Franklin aceptó agradecido el consejo de aquel hombre, puesto que su propia experiencia no contradecía precisamente aquella proposición. Se dirigió hacia los muelles y se tomó un par de copas solitarias y sensibleras. No había signo alguno de Kathryn y allí había montones de pubs y de restaurantes. Era inútil. Había llamado a los recepcionistas del hotel, pero ella no había regresado a su habitación. A pesar de ello, sintiéndose ya derrotado, tenía intención de irse a dormir. Cogió otro taxi para volver a Edimburgo.

«Americano, ¿eh?», le preguntó el taxista mientras subían a toda velocidad por el Walk.

«Sí.»

«¿Ha venido por el festival?»

«Sí.»

«Es curioso, porque usted es el segundo americano que sube a mi taxi esta noche. Nunca se imaginaría quién era el primero, la cantante esa, Kathryn Joyner.»

Franklin se quedó de una pieza. «¿Adónde…», preguntó con calma, tratando de no perder el control, «la llevó usted?»

ESTRELLAS Y CIGARRILLOS

Terry y Johnny, ambos pendientes de su propia agenda, estaban un poco irritados porque no paraba de acercarse gente a Kathryn. La fraternidad inducida por el éxtasis estaba bien, pero ellos tenían negocios que atender. Por tanto, Terry se mostró de acuerdo con Catarrh cuando Johnny le dijo a Rab Birrell: «Volvamos a tu casa.»

«Eh, vale», dijo Rab, «un momento.» Quiso asegurarse, echándole una mirada a Charlene y a Lisa. Rab estaba decidido a no ir a ninguna parte sin Charlene. Ellas estaban a favor, pero fue Kathryn quien se mostró renuente en un principio. «¡Terry, me lo estoy pasando de cine!»

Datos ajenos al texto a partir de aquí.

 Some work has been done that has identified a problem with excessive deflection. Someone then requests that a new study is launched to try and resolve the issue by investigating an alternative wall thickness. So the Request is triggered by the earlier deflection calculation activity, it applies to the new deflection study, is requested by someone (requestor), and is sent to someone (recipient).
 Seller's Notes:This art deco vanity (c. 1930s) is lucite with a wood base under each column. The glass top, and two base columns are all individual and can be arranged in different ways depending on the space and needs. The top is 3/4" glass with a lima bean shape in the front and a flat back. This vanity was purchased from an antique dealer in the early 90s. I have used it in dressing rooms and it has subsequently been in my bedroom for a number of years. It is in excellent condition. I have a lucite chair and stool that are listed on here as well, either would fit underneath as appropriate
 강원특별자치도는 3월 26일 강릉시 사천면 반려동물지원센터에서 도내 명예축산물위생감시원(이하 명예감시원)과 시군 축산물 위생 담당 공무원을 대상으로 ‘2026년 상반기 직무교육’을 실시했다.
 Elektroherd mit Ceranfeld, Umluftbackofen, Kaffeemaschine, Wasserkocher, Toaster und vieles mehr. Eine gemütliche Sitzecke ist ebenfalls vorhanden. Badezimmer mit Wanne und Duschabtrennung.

Como de costumbre, Terry tenía una respuesta. «Ya, pero ahora es precisamente cuando hay que moverse. Cuando te lo estás pasando de cine. Porque si esperas a estar pasándolo de culo antes de irte, no harás más que llevarte el mal rollo contigo al sitio siguiente.»

Kathryn meditó al respecto y le dio la razón. Aquella noche había comenzado de forma extraña, pero poco a poco se había convertido en algo maravilloso. Y Terry no le había fallado hasta ahora, así que estaba contenta de seguirle la corriente. Terry, por su parte, estaba sorprendido de ver que dos de las chicas que había visto antes estaban con Rab Birrell. Eran las que estaban con la chavala a la que había insultado.

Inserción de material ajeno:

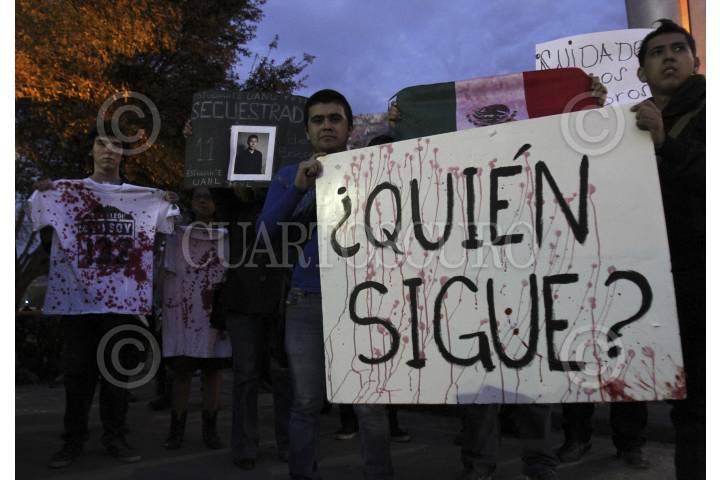 MONTERREY, NUEVO LEÓN, 21ENERO2013.- Estudiantes de la Universidad Autónoma de Nuevo León realizaron una protesta en la facultad de ingeniería mecánica y eléctrica para recordar al estudiante Adrián González Villarreal, ejecutado en días pasados por policías del municipio de Santa Catarina. También otros estudiantes miembros de la Asamblea Estudiantil exigen la resolución de los asesinatos de estudiantes durante los últimos años. FOTO: GABRIELA PÉREZ MONTIEL /CUARTOSCURO.COM
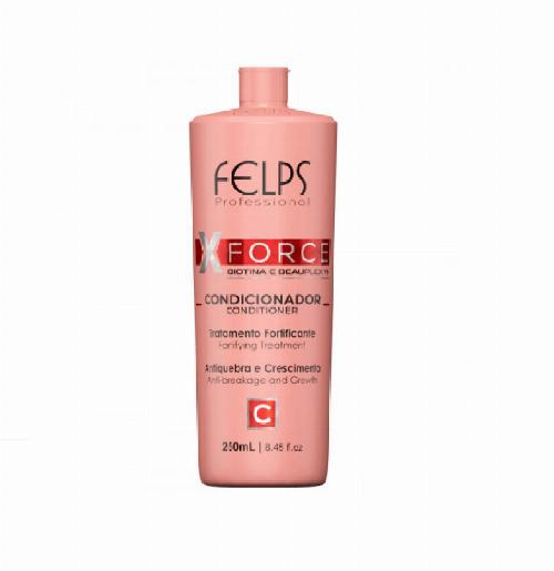 Condicionador Felps Xforce, tratamento enriquecido com Biotina, óleos de rícino e coco, Beauplex VH (blend de vitaminas E, C, B3, B5 E B6) para uma ação antiquebra instantânea, resultando em crescimento, força, fios saudáveis, brilho e maciez.

Lisa le miró y señaló: «¡Eso estuvo cojonudo! ¡Que un pit bull se comiera el coño de su madre!»

Rab parecía desconcertado mientras Charlene y Lisa se partían de risa. Terry también lo hizo y luego dijo a modo de semidisculpa: «Siento haberle tomado el pelo a vuestra amiga…»

«Nah, estuvo guay», sonrió Lisa, «es una vacaburra creída. No iba con nosotras. Simplemente nos la encontramos, ¿eh, Char?»

«Sí» corroboró Charlene. Rab le había dado un chicle y estaba masticando a toda pastilla.

«Estupendo», asintió Terry, consciente en todo momento de que jamás se le habría pasado por la cabeza disculparse de haber creído que las chicas estaban ofendidas de verdad.